On Tue, 3 Mar 2009, Jeff Squyres wrote:
On Mar 3, 2009, at 3:31 PM, Eugene Loh wrote:
First, this behavior is basically what I was proposing and what George
didn't feel comfortable with. It is arguably no compromise at all. (Uggh,
why must I be so honest?) For eager messages, it favors BTLs with sendi
functions, which could lead to those BTLs becoming overloaded. I think
favoring BTLs with sendi for short messages is good. George thinks that
load balancing BTLs is good.
Second, the implementation can be simpler than you suggest:
*) You don't need a separate list since testing for a sendi-enabled BTL is
relatively cheap (I think... could verify).
*) You don't need to shuffle the list. The mechanism used by ob1 just
resumes the BTL search from the last BTL used. E.g., check
https://svn.open-mpi.org/source/xref/ompi_1.3/ompi/mca/pml/ob1/pml_ob1_sendreq.h#mca_pml_ob1_send_request_start
. You use mca_bml_base_btl_array_get_next(&btl_eager) to roundrobin over
BTLs in a totally fair manner (remembering where the last loop left off),
and using mca_bml_base_btl_array_get_size(&btl_eager) to make sure you
don't loop endlessly.
Cool / fair enough.
How about an MCA parameter to switch between this mechanism (early sendi) and
the original behavior (late sendi)?
This is the usual way that we resolve "I want to do X / I want to do Y"
disputes. :-)
Of all the options presented, this is the one I dislike most :).

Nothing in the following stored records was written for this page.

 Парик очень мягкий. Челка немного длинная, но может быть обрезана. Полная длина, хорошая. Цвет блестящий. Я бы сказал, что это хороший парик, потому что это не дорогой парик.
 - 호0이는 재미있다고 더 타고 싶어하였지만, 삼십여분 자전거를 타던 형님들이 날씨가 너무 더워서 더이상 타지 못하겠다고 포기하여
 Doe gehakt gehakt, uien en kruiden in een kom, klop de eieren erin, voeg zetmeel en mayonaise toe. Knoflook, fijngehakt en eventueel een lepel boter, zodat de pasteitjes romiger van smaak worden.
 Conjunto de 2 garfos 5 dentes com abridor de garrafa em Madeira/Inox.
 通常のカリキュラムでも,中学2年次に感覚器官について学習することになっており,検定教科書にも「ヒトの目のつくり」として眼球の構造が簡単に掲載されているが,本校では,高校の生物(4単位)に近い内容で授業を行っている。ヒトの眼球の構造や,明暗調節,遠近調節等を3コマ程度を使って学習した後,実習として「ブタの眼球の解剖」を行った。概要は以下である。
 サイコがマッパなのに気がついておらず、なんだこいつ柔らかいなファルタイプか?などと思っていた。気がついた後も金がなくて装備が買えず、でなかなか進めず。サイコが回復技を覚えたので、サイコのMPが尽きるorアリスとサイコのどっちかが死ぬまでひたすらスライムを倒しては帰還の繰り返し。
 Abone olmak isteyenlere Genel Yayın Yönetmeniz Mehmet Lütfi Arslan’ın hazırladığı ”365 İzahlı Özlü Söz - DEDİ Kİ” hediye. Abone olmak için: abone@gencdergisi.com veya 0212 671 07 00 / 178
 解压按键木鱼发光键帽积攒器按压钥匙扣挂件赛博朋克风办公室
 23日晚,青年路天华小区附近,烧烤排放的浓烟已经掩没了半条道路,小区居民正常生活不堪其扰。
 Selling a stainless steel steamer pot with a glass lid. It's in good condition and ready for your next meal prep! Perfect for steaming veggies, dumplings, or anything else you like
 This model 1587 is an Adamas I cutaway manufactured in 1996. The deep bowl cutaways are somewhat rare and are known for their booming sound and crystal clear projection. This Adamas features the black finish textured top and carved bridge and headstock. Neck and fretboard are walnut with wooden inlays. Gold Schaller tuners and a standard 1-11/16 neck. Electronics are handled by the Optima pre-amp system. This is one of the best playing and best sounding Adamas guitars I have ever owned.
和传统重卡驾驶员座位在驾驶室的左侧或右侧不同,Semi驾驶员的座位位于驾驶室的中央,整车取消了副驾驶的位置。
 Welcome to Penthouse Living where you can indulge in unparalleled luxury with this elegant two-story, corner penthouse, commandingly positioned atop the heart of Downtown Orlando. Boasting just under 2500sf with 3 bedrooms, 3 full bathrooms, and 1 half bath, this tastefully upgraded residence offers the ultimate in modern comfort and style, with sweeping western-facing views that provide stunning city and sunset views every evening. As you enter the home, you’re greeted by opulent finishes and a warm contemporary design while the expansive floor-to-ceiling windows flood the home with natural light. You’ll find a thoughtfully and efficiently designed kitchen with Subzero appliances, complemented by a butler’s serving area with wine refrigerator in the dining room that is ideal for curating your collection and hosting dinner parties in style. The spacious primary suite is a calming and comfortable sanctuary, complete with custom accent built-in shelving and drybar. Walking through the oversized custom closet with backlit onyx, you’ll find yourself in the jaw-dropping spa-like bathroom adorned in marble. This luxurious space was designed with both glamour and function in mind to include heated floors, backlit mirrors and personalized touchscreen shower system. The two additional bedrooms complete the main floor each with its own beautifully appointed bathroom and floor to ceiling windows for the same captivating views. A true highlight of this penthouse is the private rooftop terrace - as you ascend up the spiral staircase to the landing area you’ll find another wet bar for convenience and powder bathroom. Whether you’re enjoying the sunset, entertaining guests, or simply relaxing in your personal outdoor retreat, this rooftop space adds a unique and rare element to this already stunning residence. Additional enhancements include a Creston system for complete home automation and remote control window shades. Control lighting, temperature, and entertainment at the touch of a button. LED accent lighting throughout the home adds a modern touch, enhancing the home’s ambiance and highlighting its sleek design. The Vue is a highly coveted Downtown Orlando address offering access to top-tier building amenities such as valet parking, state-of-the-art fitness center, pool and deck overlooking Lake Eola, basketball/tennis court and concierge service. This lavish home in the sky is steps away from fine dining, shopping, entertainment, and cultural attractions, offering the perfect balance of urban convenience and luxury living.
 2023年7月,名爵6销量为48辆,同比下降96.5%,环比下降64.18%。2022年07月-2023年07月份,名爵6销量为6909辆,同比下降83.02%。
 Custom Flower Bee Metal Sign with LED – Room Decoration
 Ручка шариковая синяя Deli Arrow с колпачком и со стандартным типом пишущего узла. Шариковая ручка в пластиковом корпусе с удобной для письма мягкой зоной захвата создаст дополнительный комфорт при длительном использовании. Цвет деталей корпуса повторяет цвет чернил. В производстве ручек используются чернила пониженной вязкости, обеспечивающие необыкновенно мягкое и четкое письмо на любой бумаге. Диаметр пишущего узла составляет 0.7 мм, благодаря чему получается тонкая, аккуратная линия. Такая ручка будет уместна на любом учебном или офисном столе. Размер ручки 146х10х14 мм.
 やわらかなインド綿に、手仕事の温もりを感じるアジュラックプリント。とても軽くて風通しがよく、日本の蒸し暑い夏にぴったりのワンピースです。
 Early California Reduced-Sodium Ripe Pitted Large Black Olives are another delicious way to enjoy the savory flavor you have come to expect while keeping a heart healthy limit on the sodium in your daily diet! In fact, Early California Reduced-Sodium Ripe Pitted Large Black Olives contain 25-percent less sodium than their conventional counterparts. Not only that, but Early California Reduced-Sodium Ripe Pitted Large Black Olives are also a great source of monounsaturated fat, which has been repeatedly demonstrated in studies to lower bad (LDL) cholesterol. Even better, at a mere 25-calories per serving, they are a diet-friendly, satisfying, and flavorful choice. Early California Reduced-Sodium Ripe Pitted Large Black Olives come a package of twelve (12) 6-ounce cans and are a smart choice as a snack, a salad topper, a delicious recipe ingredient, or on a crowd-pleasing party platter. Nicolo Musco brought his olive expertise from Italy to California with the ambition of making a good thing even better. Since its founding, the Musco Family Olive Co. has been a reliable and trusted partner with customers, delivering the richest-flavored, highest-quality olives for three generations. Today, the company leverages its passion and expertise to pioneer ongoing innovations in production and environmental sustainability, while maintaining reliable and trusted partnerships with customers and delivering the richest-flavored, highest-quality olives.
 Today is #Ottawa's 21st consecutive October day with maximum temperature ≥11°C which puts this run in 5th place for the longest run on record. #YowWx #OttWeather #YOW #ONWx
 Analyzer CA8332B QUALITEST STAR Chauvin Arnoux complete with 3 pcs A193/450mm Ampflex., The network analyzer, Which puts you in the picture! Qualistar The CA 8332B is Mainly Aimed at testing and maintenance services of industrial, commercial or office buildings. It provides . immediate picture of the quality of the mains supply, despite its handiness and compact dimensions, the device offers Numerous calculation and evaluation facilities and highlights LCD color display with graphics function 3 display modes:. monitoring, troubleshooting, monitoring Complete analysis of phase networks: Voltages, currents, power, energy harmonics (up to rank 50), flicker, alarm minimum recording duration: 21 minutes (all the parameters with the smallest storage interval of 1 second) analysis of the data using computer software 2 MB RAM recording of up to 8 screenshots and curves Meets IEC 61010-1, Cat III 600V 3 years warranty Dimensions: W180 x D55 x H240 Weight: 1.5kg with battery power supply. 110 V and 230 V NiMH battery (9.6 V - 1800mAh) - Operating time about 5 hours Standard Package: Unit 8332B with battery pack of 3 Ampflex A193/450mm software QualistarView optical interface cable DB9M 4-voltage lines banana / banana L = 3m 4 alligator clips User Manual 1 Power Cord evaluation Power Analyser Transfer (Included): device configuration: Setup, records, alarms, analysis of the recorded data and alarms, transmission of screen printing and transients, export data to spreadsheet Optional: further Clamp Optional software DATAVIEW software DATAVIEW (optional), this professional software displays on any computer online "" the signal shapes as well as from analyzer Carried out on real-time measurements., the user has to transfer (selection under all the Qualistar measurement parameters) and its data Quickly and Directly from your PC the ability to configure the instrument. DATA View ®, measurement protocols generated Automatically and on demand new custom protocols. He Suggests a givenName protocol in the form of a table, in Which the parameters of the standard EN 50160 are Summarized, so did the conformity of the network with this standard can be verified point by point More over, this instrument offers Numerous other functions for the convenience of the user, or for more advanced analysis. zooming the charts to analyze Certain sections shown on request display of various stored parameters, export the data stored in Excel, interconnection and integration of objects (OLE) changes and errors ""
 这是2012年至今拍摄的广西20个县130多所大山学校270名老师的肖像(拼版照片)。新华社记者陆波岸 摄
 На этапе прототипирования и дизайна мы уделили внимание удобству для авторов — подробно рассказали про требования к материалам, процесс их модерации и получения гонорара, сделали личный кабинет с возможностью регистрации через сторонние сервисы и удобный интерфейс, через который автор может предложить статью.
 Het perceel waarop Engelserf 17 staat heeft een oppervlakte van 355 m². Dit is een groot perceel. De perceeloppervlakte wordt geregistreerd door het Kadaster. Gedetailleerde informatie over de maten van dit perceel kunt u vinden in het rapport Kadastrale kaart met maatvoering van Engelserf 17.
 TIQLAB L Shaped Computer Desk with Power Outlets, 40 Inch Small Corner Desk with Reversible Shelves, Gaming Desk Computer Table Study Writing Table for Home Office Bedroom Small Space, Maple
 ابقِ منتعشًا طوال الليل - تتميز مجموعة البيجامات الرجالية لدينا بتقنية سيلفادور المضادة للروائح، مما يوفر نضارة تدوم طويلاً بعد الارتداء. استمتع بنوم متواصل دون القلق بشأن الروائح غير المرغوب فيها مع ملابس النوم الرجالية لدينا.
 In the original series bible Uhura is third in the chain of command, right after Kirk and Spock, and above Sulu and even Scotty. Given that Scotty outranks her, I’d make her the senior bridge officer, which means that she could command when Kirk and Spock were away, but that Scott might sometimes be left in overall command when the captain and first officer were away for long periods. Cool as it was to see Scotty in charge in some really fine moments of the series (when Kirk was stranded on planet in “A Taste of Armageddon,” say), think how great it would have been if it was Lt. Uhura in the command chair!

This is *THE* critical path of the OB1 PML. It's already horribly complex
and hard to follow (as Eugene is finding out the hard way). Making it
more complex as a way to settle this argument is pain and suffering just
to avoid conflict.
However, one possible option that just occurred to me. I propose yet
another option. If (AND ONLY IF) ob1/r2 detects that there are at least
two BTLs to the same peer at the same priority and at least one has a
sendi and at least one does not have a sendi, what about an MCA parameter
to disable all sendi functions to that peer?
There's only a 1% gain in the FAIR protocol Euegene proposed, so we'd lose
that 1% in the heterogeneous multi-nic case (the least common case).
There would be a much bigger gain for the sendi homogeneous multi-nic /
all single-nic cases (much more common), because the FAST protocol would
be used.
That way, we get the FAST protocol in all cases for sm, which is what I
really want ;).
Brian